Microstructural Development in High‐Volume Fly‐Ash Cement System

Abstract

The writers present the results of research findings on the micro‐structural development in a high‐volume fly‐ash (HVFA) cement system containing 60% fly ash by weight of binder. Although the one‐day strength of HVFA mortar is low compared to plain cement mortar, from three‐day onward the strength starts to increase. Corresponding to the development of microstructure, the strength increases significantly at later ages and reaches 78% of the control specimen at 180 days. The literature survey reveals that hydration of fly‐ash aluminate phases produces hydrates similar to those in cement. To reveal the fly‐ash hydration process more vividly, a special type of cement containing very low $C_{3}A$ and alkalies was used with a class F fly ash. In order to precisely determine the role of high‐volume replacement in a cementitious system, a comparative study of plain cement and HVFA paste was carried out.
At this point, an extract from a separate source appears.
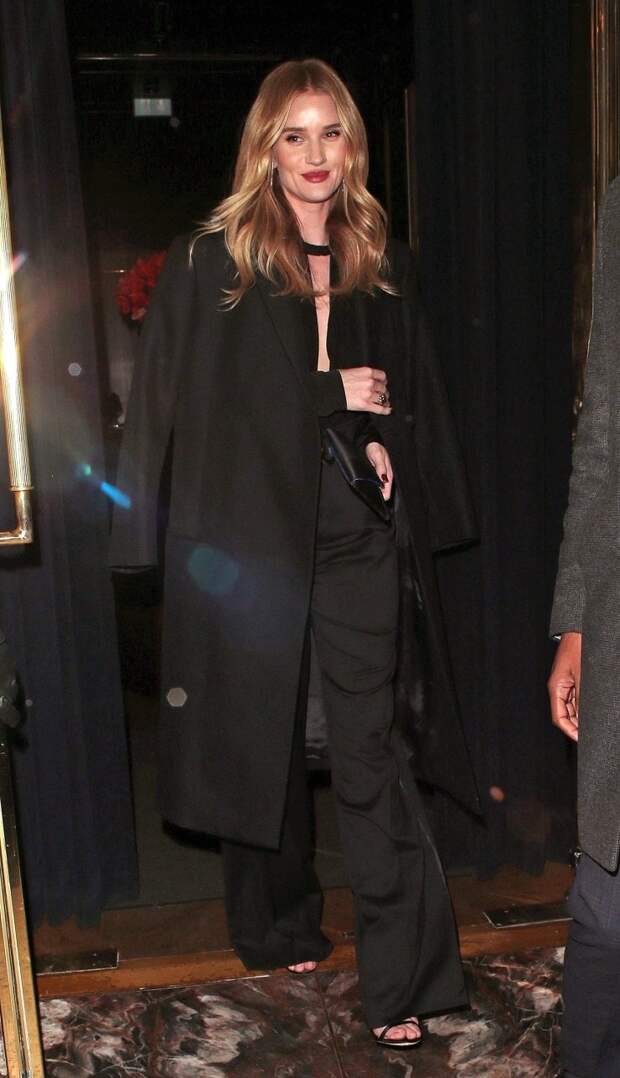 Для особого вечера Роузи выбрала провокационный total black - свободные гаремные шелковые брюки, блузу с опаснейшим декольте-чокером и босоножки на тонких ремешках. Чтобы скрыть все вырезы по дороге в такси, она набросила на плечи классическое черное пальто в мужском стиле.

The mechanism of fly‐ash hydration in this system is discussed and a correlation between its microstructure/strength development established. Better dispersion of cement grains, smaller $\mathrm{Ca}(\mathrm{OH}{)}_2$ crystals, and formation of more gel phases largely account for the strengthening effect. The effect of fly‐ash replacement on neat water‐to‐cement ratio, initial pore content, $\mathrm{Ca}(\mathrm{OH}{)}_2$ crystallization, and dissolution of fly‐ash glass phase are discussed. Comparison of experimental results determined by x‐ray diffraction (XRDA) analysis, strength measurement, and thermogravimetry/differential thermal analysis (TG/DTA) is also presented.